Friday, September 2, 2016

Vampire Circus (1972)

          Among the last period pieces that England’s Hammer Film Productions made during their celebrated original run of Gothic-horror flicks, Vampire Circus offers a humorless onslaught of nudity, sex, and violence. However, the best Hammer pictures have a little something extra, whether it's the swashbuckling energy of the early Lee-Cushing adventures or the brazen sexiness of, say, the so-called “Karnstein Trilogy.” To be clear, Vampire Circus has energy to burn, thanks to a veritable explosion of frenetic onscreen activity—this lurid film has everything from acrobatics to erotic dancing to outrageous gore. What it doesn’t have is distinctive characters or a memorable storyline. By stuffing in so many different elements, up to and including people who shape-shift into various animals, Vampire Circus ends up being tiresome. Voracious horror fans may enjoy consuming this picture like the fare at an all-you-can-eat buffet, but mere mortals will get their fill quickly.
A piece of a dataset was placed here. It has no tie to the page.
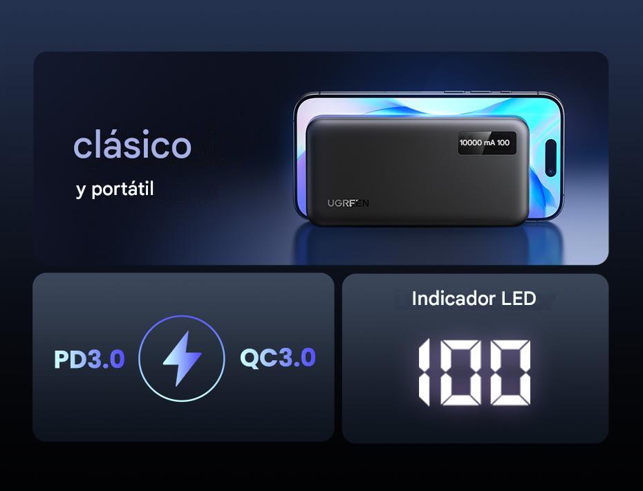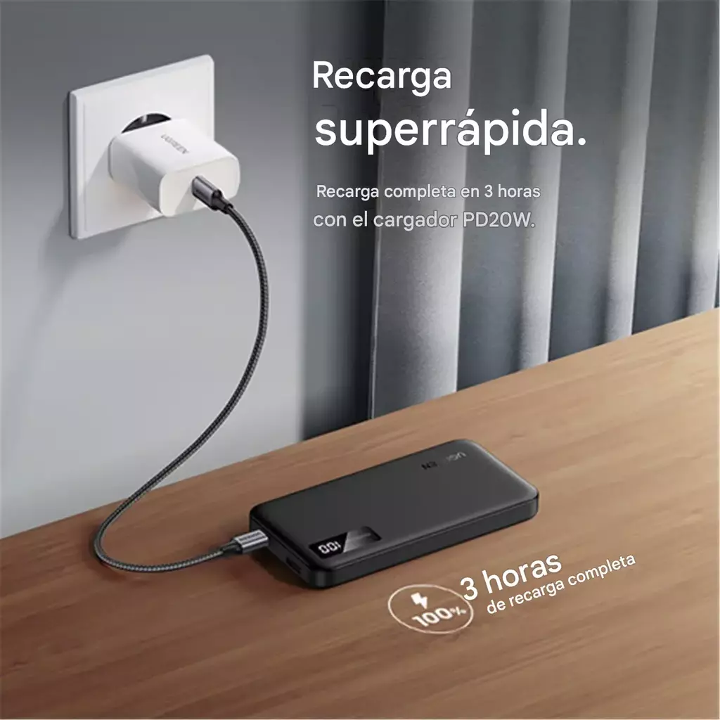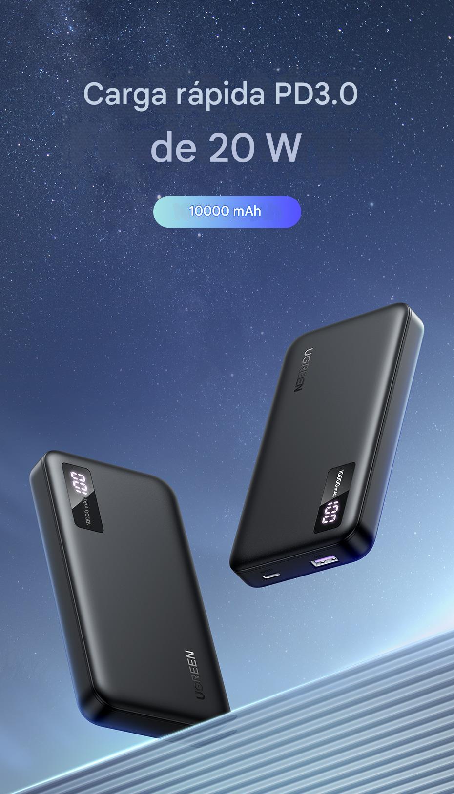 El Power Bank UGREEN 10000mAh PB311 es la solución perfecta para mantener tus dispositivos cargados en cualquier lugar. Con capacidad de carga rápida de 20W, diseño compacto y compatibilidad universal, es ideal para quienes buscan un cargador portátil eficiente y confiable.

          Set in 19th-century Austria, the movie starts in an appropriately sensational fashion. Villagers storm the castle where an aristocratic bloodsucker has taken a sexy local girl for a lover. With his dying breath, the vampire curses the villagers. Fifteen years later, a circus comes to town, and mayhem ensues, because the gypsies operating the circus are supernatural monsters and their mortal thralls. It’s the count’s curse coming true. Some scenes in Vampire Circus are almost hypnotically weird, notably the vignette of a sexy dance involving a bald woman who is nude except for tiger-stripe body paint. Other scenes are almost comically grotesque, including one bit with dead children and another during which various animals are slaughtered. None of it adds up to much, although fans craving lizard-brain stimulation can savor lengthy views at nubile female flesh as well as lingering looks at blood and viscera. And while the cast lacks big names, the actor playing the circus strongman is David Prowse, best known for appearing onscreen in A Clockwork Orange (1971) and for inhabiting Darth Vader’s costume in the first three Star Wars movies.